I've attended three major fintech events this season (MRC Vegas, PAY360, and Money20/20 Amsterdam) and the same conversation kept surfacing across all three: traditional transaction monitoring is becoming obsolete.

The fintech industry is scaling fast and removing barriers by design: real-time payments, frictionless onboarding, agentic commerce. But while friction is coming down on one side, the complexity available to fraudsters is going up on the other: stolen personal data at scale, AI models that mimic human behavior, residential proxies spoofing the connection-level signals most stacks still rely on.

Of all of these, residential proxies represent the most direct attack on how transaction monitoring actually works, targeting the network-level trust signal that sits at the very top of the decisioning chain. And while they aren't a new topic, they remain arguably the most underleveraged signal in fraud detection today.

The reason that conversation kept surfacing across all three events is that most fraud teams already sense the problem, even if they haven’t fully mapped it yet. The mechanics of why are worth understanding, because the gap isn’t in the tooling or the headcount. It's a foundational assumption built into how transaction monitoring was designed.
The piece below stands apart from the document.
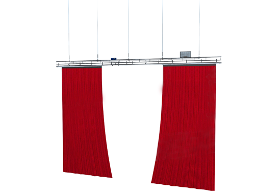 大幕的面料和颜色可直接影响观众的视觉,要求庄重而典雅,面料通常采用阻燃麻绒、丝绒、棉质天鹅绒幕布(其特点:垂感好、遮光好、阻燃好、不变型、不返光),颜色通常选择栆红色或浅枣红两种,通过三折一的艺术制作,给观众以强烈的立体感;衬里选用人丝绸、无丝纺、细纱卡。

The Assumption Built Into Every Transaction Monitoring Stack

Transaction monitoring was designed around a world where infrastructure and identity were loosely correlated. Fraudsters operated from datacenters while legitimate customers connected from home broadband. That separation made IP type a reliable enough indicator to build rules around. VPNs use stable datacenter IPs consistently associated with the VPN service, making them detectable.

Residential proxy services are a different problem entirely. They use individual IP addresses registered to real people, rotating in and out of service and mixing proxy traffic with the normal traffic of the device owner. There is no stable infrastructure to blocklist, no ASN range to flag, and no registration pattern to match against.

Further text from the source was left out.